Assessment of heterogeneity
Heterogeneity refers to the variation in study outcomes between studies and is useful for the interpretation of meta-analysis results. Assessment of heterogeneity was based on the calculation of I2. The Cochrane Collaboration [31] provides the following interpretation of I2: 0% to 30%, might not be important; 30% to 60%, may represent moderate heterogeneity; 50% to 90%, may represent substantial heterogeneity; and 75% to 100%, considerable heterogeneity.
Unit of analysis issues
In cases where 3 or more interventions were evaluated in a single study, we included each pair-wise comparison separately. In these instances, the total number of participants in the OMT intervention group was divided approximately evenly among the comparison groups.

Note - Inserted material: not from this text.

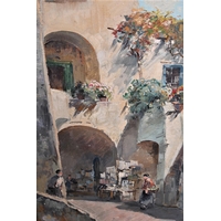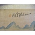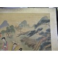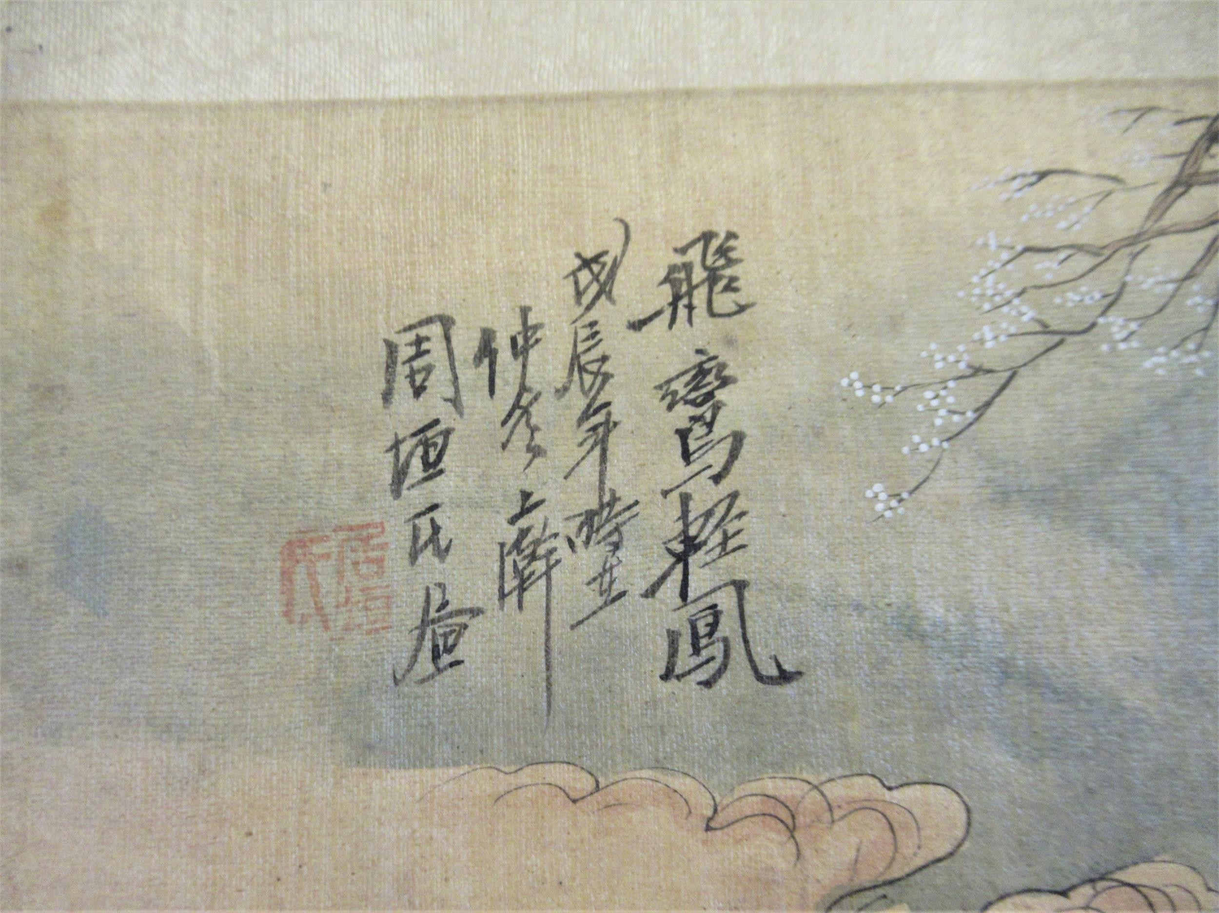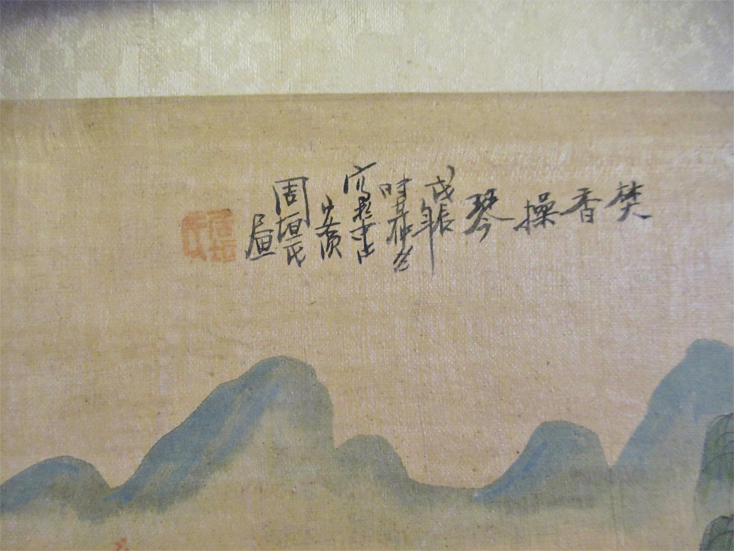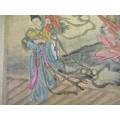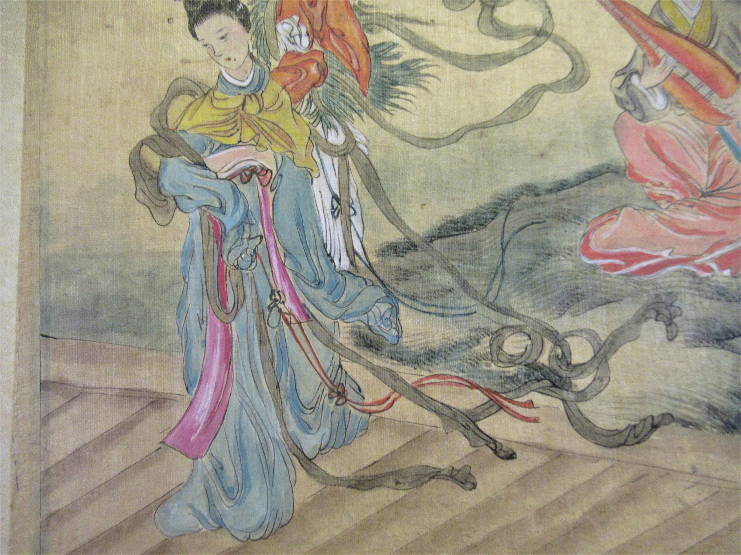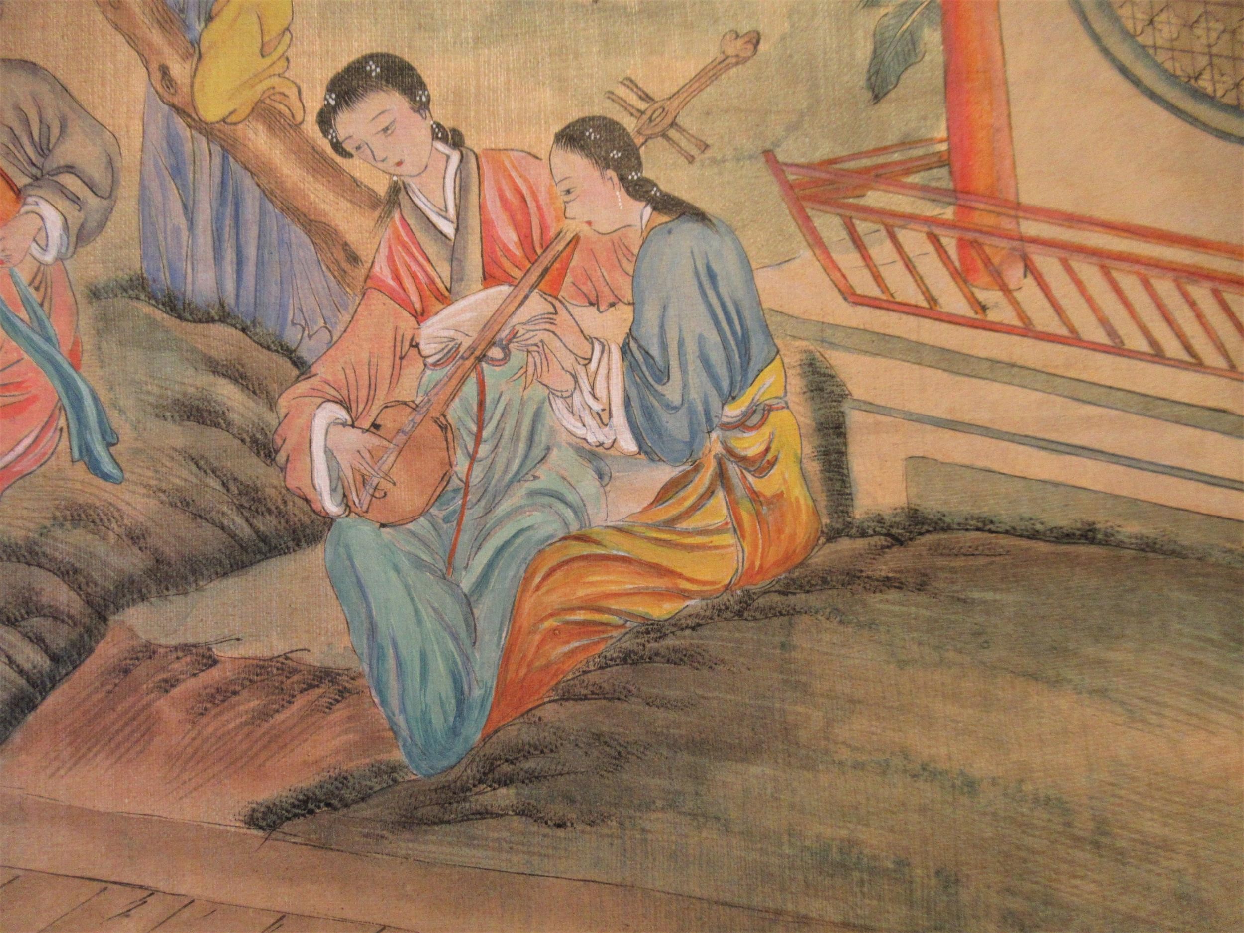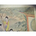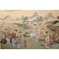 Pair of Chinese paintings on linen, figures in garden scenes, signed with character and red seal marks, 12ins x 16.5ins, unframed

Assessment of risk of bias in included studies
The methodological quality of the studies was assessed using the Risk of Bias tool of the Cochrane Back Review Group [38]. Discussion and consensus between the researchers were used to resolve disagreements about the methodological quality of the RCTs included in the current review. Every Risk of Bias criterion was scored as ‘low risk’, ‘high risk’, or ‘unclear’ and included assessment of randomization, blinding, baseline comparability between groups, patient compliance, and dropping out. In line with recommendations from the Cochrane Back Review Group, studies were rated as having ‘low risk’ when at least 6 criteria were met and the study had no serious flaws (e.g., large drop-out rate). A dropout rate of greater than 50% was defined as a serious flaw and the comparison was excluded from quantitative analysis. When information was missing from the published studies and the authors could not be contacted or when the information was no longer available, the criteria were scored as ‘unclear’.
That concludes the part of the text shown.